The latest work from Taylor Sheridan is at once more of the same great stuff and disappointingly the same as so many others. His films (he directed Wind River and wrote Hell or High Water and Sicario) tend to depict rough, weary, and violent people clashing on the bleak frontiers of American wastes. And while the plots are always tight and deliberately paced, the themes and characters are endlessly complex. His hellish landscapes, drifting with sand or snow while baked by an unforgiving sun, provide a distinctly Romantic backdrop to the inner lives of his tormented protagonists. This time around, we're soaring above the hills and forests of rural Montana, not far from Yellowstone National Park. Beautiful, of course, and dangerous, it appears to be in the dry season, when lighting causes raging forest fires that can race like the wind and turn on a dime.
Have you ever heard of a smoke-jumper? Because I sure had not before seeing Angelina Jolie leap from a chopper directly above a blazing wildfire. She's part of a daring team of firefighters who, it seems, might be in this line of work more for the thrill than the fight; nevertheless, they are the first on the ground to try and hold the line of advancing flames. Jolie's character, Hannah, is quickly established as fairly reckless, perhaps trying to hard to be "one of the boys," or to escape some past trauma. Unfortunately, she's also slyly painted as a bit crazy, having just bombed a psych evaluation after witnessing kids die in a fire that she should have been able to save. Subject to bouts of PTSD, she's reassigned from a helicopter to a lonely watchtower, something she sees as boring and even demeaning. Will this movie feature her redemption or her destruction? Considering Sheridan's oeuvre, it's hard to predict.
Parallel to Hannah's predicament, we're introduced to Owen and his young son Connor fleeing Florida. Owen's shady work as a forensic accountant -- is that a real thing? -- has unearthed something dangerous in judicial offices, and now they've apparently hired assassins to take him out of the picture. Their cross-country trip takes them to Montana, where Owen plans to hide out with his brother; somehow the assassins know where he's headed and succeed in their mission. Partially. Connor escapes, meets Hannah, and their relationship blossoms.

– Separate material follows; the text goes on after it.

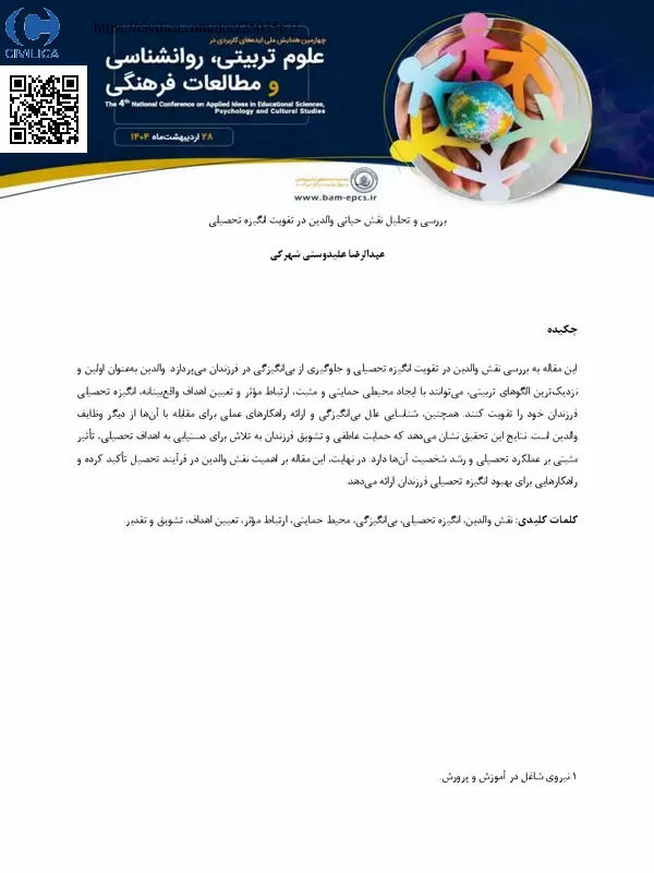 این مقاله به بررسی نقش والدین در تقویت انگیزه تحصیلی و جلوگیری از بی انگیزگی در فرزندان می پردازد. والدین به عنوان اولین و نزدیک ترین الگوهای تربیتی، می توانند با ایجاد محیطی حمایتی و مثبت، ارتباط موثر و تعیین اهداف واقع بینانه، انگیزه تحصیلی فرزندان خود را تقویت کنند. همچنین، شناسایی علل بی انگیزگی و ارائه راهکارهای عملی برای مقابله با آن ها از دیگر وظایف والدین است. نتایج این تحقیق نشان می دهد که حمایت عاطفی و تشویق فرزندان به تلاش برای دستیابی به اهداف تحصیلی، تاثیر مثبتی بر عملکرد تحصیلی و رشد شخصیت آن ها دارد. در نهایت، این مقاله بر اهمیت نقش والدین در فرآیند تحصیل تاکید کرده و راهکارهایی برای بهبود انگیزه تحصیلی فرزندان ارائه می دهد.

Sort of. She's not exactly happy to have a kid around, and he's terrified of anyone and everyone around him. It doesn't help that the two assassins (played by a surprisingly scary duo of Aiden Gillen and Nicholas Hoult) are really good at their job. Target after target leads them closer to their prey until we find ourselves in a breakneck series of chases in a hellish wilderness: devilish assassins, walls of angry red flames, choking smoke and ash falling like snow, and of course injured heroes desperate to find sanctuary.
While I really enjoyed the film, more than once I found myself disappointed in what seemed to be unfocused storytelling. We jump around quickly and suddenly between a cast of characters that is a little too wide for such an otherwise streamlined primary arc. Owen's brother Ethan (Jon Bernthal) and his pregnant wife Allison (Medina Senghore, who deserved a movie unto herself for this role) get a little less than half the amount of screen time, and the film hops around even to the assassins with alarming frequency. The result is, to be fair, a more holistic view of the community, the work, the region, and the network of characters; it also sacrifices a lot of potentially significant character moments that would make these people as deep as Sheridan's usually are. In many ways, this felt more like adventure thrillers like The River Wild or even ensemble disaster movies like The Poseidon Adventure: a throwback that likes its actors more than its characters, and its conceit more than anything. I'm not mad about it, and if it proves the genre isn't dead yet, that's so much the better.